Scott Pelley: Will they have self-awareness, consciousness?

Geoffrey Hinton: Oh, yes.

Gary Marcus: What makes you sure? How you are defining consciousness? When you say “they” do you mean that the same kinds of systems as we are building now will somehow achieve consciousness? Or that you imagine that other kinds of AI, perhaps not yet discovered might? It would be great if you could clarify what you mean by this.

[Hinton doesn’t seem to hear my questions, and does not respond]

Stephen Downes [Interjecting]: Pretty sure he means the same type of system, more or less.

Scott Pelley: Yes?

Geoffrey Hinton: Oh, yes. I think they will, in time. 

Gary Marcus: How much time? What kinds of systems?

[Again no answers]

Stephen Downes: Well it took humans millions of years, to it might take a bit of time.

Scott Pelley: And so human beings will be the second most intelligent beings on the planet?

Geoffrey Hinton: Yeah.

Stephen Downes: People treat this as though it's shocking, as though we didn't already have machines that are stronger than us (or than any animal we can imagine), faster than us, and can fly.

Geoffrey Hinton: It took much, much longer than I expected. It took, like, 50 years before it worked well, but in the end, it did work well.

Gary Marcus: “Work well” remains a tendentious claim; they still cannot be trusted, make random mistakes, have no basis in factuality. 

Stephen Downes:the same could be said of some political parties! We have to allow that some things can 'work well' in some senses, but be dysfunctional in others.

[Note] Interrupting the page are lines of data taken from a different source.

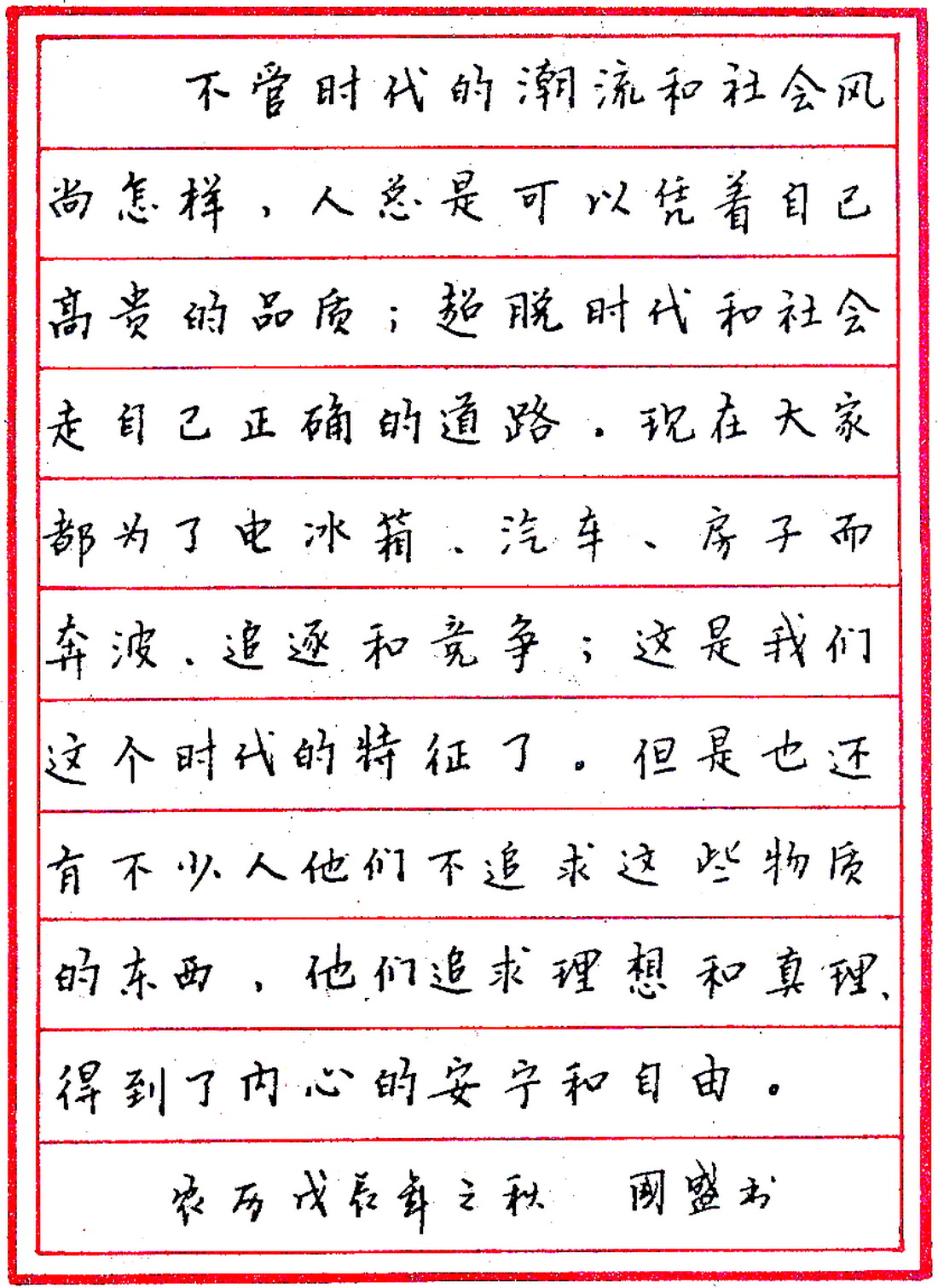 苗国盛钢笔录《走自己正确的道路》》(来源:《钢笔圆珠笔正楷字帖》)
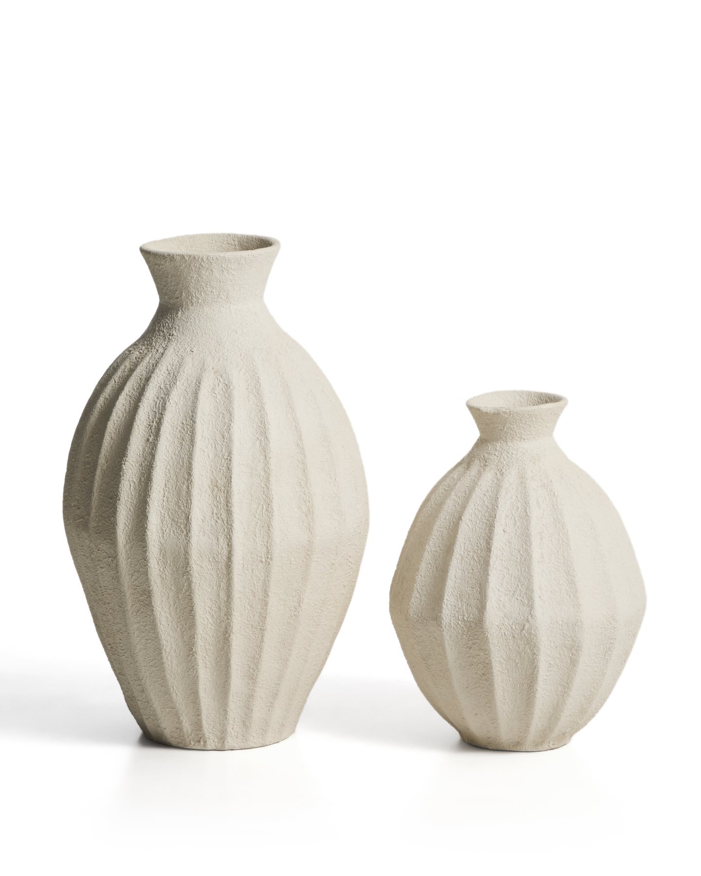 Коллекция Arquena включает в себя вазы ручной работы из папье-маше, изготовленные из переработанной газетной бумаги. Изделия отличаются мягкой текстурой и четко очерченными объемами, с небольшими вариациями, благодаря которым нет двух одинаковых. Форма с вертикальными рельефами добавляет объем и характер, создавая декоративные предметы со спокойной эстетикой, которые гармонично вписываются в различные интерьеры.
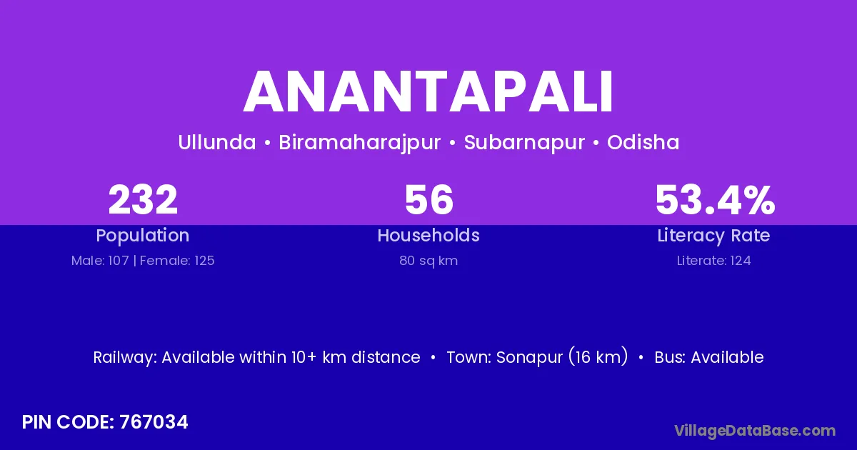 Athamallik (10 km) is the nearest town to Anantapali village for major economic activities and is located approximately 10 km away.
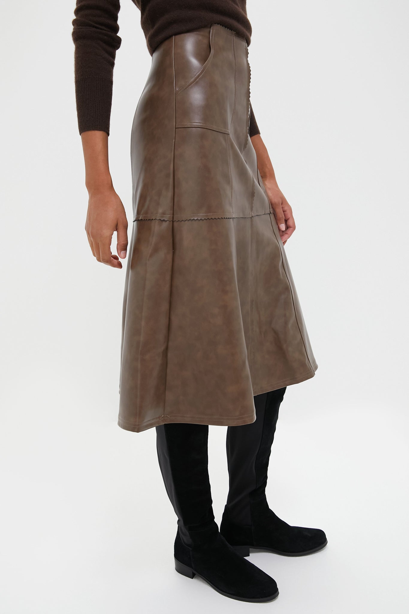 The Maddelena Skirt is a luxe style made from a smooth faux leather. The A-line midi features large patch pockets and seam detailing that elevate the sleek silhouette. Pair with boots and a sweater or a button down and ballet flats for an elevated ensemble!

If you want to remove all the speckling in a full frame digital image in a few seconds, an artificial intelligence 'works well' - even if it doesn't understand what the photo is about.

Gary Marcus: They approximate intelligence, when what they need to say resembles something in a database of text written by humans, but the still have enough problems we don’t yet have driverless cars we can trust, and many companies are looking at generative AI saying, “nice try, but it’s not sound enough yet”.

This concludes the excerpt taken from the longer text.